Nightclubs, Dance Parties: Paying Their Dues

Some of you may have heard the news that the Copyright Tribunal has substantially increased the rate of royalties that must be paid by nightclub owners and dance party organisers for the use of recorded music. It’s a big win for the recording companies and recording artists, but what will it mean for the nightclub and dance industry?

‘Who gives a rats,’ I might say because, frankly, I can’t stand nightclubs and I haven’t ever been to a dance party and don’t intend to start now. As a registered, card-carrying old fogey, I maintain an appropriate level of disdain for such things, prefering the traditional manner of consuming music, ie. by watching real live people play actual instruments and sing live in front of me.

That being said, I live in a burg big enough to sustain a few good venues and a brace of good original bands and need not get my musical fix from recordings filtered by some tool with a CD mixer, as would those in some culturally deprived rural enclaves. Still, the nightclubs here are full of young, inappropriately dressed (for the weather) people paying ridiculous prices for entry, coat check (maybe that’s why they don’t wear coats?), drinks and pills, shivering in long lines and (later) saving pubic lice from extinction.

At first I was concerned this ruling would also affect bars such as the Phoenix, which host live bands but also play recorded music. Not so. Nightclubs are defined as venues that have recorded music as the primary entertainment, have a dance floor and/or charge entry. Thank goodness. Quickly calculating the fees applicable, were the Phoenix affected, approximately $35 000 would have been knocked off their annual bottom line. Ouch! Figures are based on a capacity of 94, open every night of the year.

Next door to the Phoenix is Shooters, a two storey nightclub of outstanding hideousness that is packed to the gills on Friday and Saturday nights. Assuming they are registered with the Phonographic Performance Company of Australia (PPCA), till now Shooters has been paying 7.48 cents per customer per night for their recorded music. Customer numbers are calculated on legal capacity multiplied by nights of operation, regardless of actual attendance. The new fee is $1.05 per customer, a nearly 15 fold increase.

(Incidentally, local musicians with a CD recording who think they may get some radio or television airplay should hit the link and sign up to the PPCA. APRA collects royalties from broadcasts for the copyright holder of the song, ie. the writer. The PPCA collects royalties for the copyright holder of the recording, being the performers and the record company if one is involved.)
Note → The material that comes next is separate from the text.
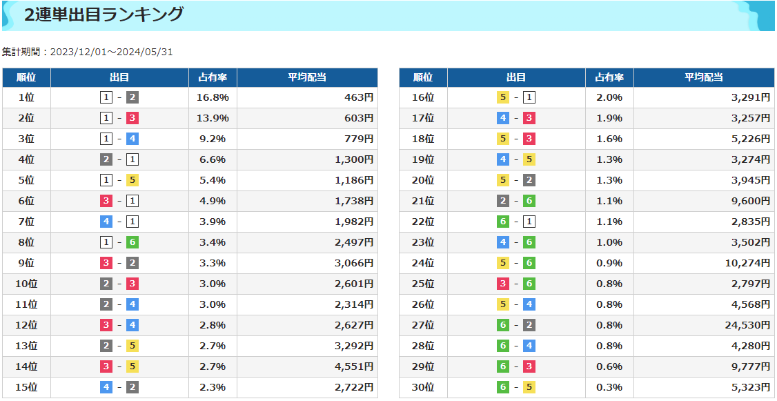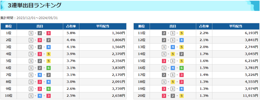 鳴門競艇の特徴&コース別勝率・決まり手などの予想データ 目次 鳴門競艇場の基本情報 鳴門競艇場の特徴 鳴門競艇場のコース別勝率と決まり手 鳴門競艇の予想法&攻略のコツ 鳴門競艇場の企画レース 鳴門競艇場のその他の特徴 まとめ あわせて読みたい 鳴門競艇場の基本情報 鳴門競艇場は徳島県鳴門市に位置し、四国地区にある2つの競艇場の一つです。景観が美しい場所にあり、特にそのコースレイアウトが特徴的です。 名称: ボートレース鳴門 住所: 徳島県鳴門市撫養町大桑島濘岩浜48-1 電話番号: 088-685-8111 公式HP: ボートレース鳴門 鳴門競艇場の特徴 水質と潮の影響: 鳴門競艇場の水面は海水で、潮の満ち引きにより水面が変動します。これにより浮力が大きくなるため、体重の重い選手が有利になることがあります。 満潮時は水面が荒れやすく、干潮時は安定します。これにより、レースごとに戦略が異なります。 風の影響: 鳴門競艇場では季節によって風向きが変わります。夏場は南東の向かい風が多く、冬場は北西の追い風が主です。風速が3m以下ならセオリー通りの予想で問題ありませんが、風速が強い場合は波乱が予想されます。 ピットと2マークの距離: 鳴門競艇場ではピットから2マークまでの距離が短く、これにより前づけがしにくい特徴があります。したがって、枠なり進入になりやすいです。 鳴門競艇場のコース別勝率と決まり手 1コース: 鳴門競艇場の1コース1着率は48.4%で、全国平均の55.5%より低くなっています。イン逃げが決まりにくい傾向があります。 2コース: 2コースの1着率は17.3%と高めで、差しが決まりやすいコースです。インが膨らみやすいレイアウトが影響しています。 3コース: 3コースの決まり手はまくりが多く、1着率は14.0%です。特に強い選手がまくりを狙うことが多いです。 4コース以降: 4コースから6コースの1着率はそれぞれ10.9%、7.5%、2.2%と低めです。ただし、まくり差しが決まりやすいコースとなっています。 鳴門競艇の予想法&攻略のコツ イン逃げに過度な信用は禁物: 鳴門競艇場ではイン逃げが決まりにくいため、過度にインに期待するのは避けたほうが良いでしょう。普段より点数を多めにして広く買うことが推奨されます。 2コースの強さを活かす: 2コースの1着率が高いため、2コースからの差しやまくりを積極的に狙うことがポイントです。 風と潮のチェック: レース前には必ず風向きと潮の状況をチェックしましょう。これにより、どのコースが有利かを判断できます。 企画レースの狙い目: 「とるならなると」などの企画レースでは1号艇にA級選手が配置されるため、イン逃げの成功率が高いです。このようなレースは積極的に狙うと良いでしょう。 鳴門競艇場の企画レース とるならなると(1R): 1号艇にA級選手を配置し、他の枠番にB級選手を配置するレース。イン逃げ成功率が高く、初心者にもおすすめです。 どーなるなると(2R): 日替わり企画で、中穴決着が多いレースです。予想が難しく、波乱を狙うファン向けです。 どきどきなると・とにかくなると(3R・4R): 1号艇にA級選手が配置されますが、他の枠番にも強い選手がいるため、予想が難しいレースです。 鳴門競艇場のその他の特徴 施設の概要: 鳴門競艇場のスタンドは斜め設計になっており、1マーク側が狭くなっています。このため、インコースが走りにくいと言われています。 イベントとグルメ: 鳴門競艇場では様々なイベントが開催されており、グルメも充実しています。特に「なるちゃん焼き」は人気のお菓子です。 ライブ中継とリプレイ: ボートキャストでレースのライブ中継やリプレイが楽しめます。スマホやパソコンから簡単にアクセス可能です。 まとめ 鳴門競艇場はイン逃げが難しいコースレイアウトと、潮と風の影響を強く受ける水面が特徴です。これらの特徴を理解し、2コースの強さや企画レースを上手く活用することで、勝率を上げることができます。競艇ファンならば、一度は訪れてみたい競艇場です。 あわせて読みたい 無料でよく当たる!優良予想サイト紹介「ブルーラグーン」「ドレミボート」 Post Views: 1,953 最近観覧した記事 おすすめコンテンツ 【検証あり】無料でよく当たる!優良予想サイト紹介「ブルーラグーン」「ドレミボート」【口コミ・評判など】 7月 4, 2024 ギャンブル全般, ニュース 2024年に引退および登録削除された競艇選手の一覧とその理由 6月 13, 2024 競艇(ボートレース), ボートレーサー・平高奈菜のプロフィールと輝かしいキャリア 11月 7, 2024 ボートレーサー, 競艇(ボートレース) 島田なぎさ、約2年の産休明け復帰と嬉しい産休明け初勝利 11月 28, 2024 ニュース, 競艇(ボートレース) 【2025常滑BBCトーナメント注目選手】地元で躍動する吉田裕平選手 1月 23, 2025 ボートレーサー, 競艇(ボートレース) 競艇初心者が避けるべき予想方法とおすすめしない賭け方 6月 18, 2024 競艇(ボートレース), 競艇の基礎知識 人気の記事 2024年に引退および登録削除された競艇選手の一覧とその理

The nightclubs, through the AHA and Clubs Australia, and some individually, made presentations to the enquiry that preceded the ruling, and were unanimous in their protestions that things are bad in the industry and that the impost would be unsustainable. Undoubtedly some badly run clubs will go down, some may reorganise their activities to avoid classification as a nightclub, some may only open on peak nights, but I have no doubt the fee can be absorbed by most clubs, whose financial affairs are often as fictitious as the Howard Government’s claims to financial rectitude.

The good news, for those that prefer live music, is that live venues just became that bit more competitive. Bear in mind that live venues pay live performance royalties to APRA, which go to the songwriters rather than the recording copyright holders.

Nightclub owners and dance party organisers must acknowledge that, without the presence of copyright recordings, their business would cease to exist. Setting a value on that contribution to their livelihood will always be contentious, but nightclubs have a vested interest in encouraging a vital and productive contemporary music scene in Australia and should support initiatives that encourage new original music to prosper.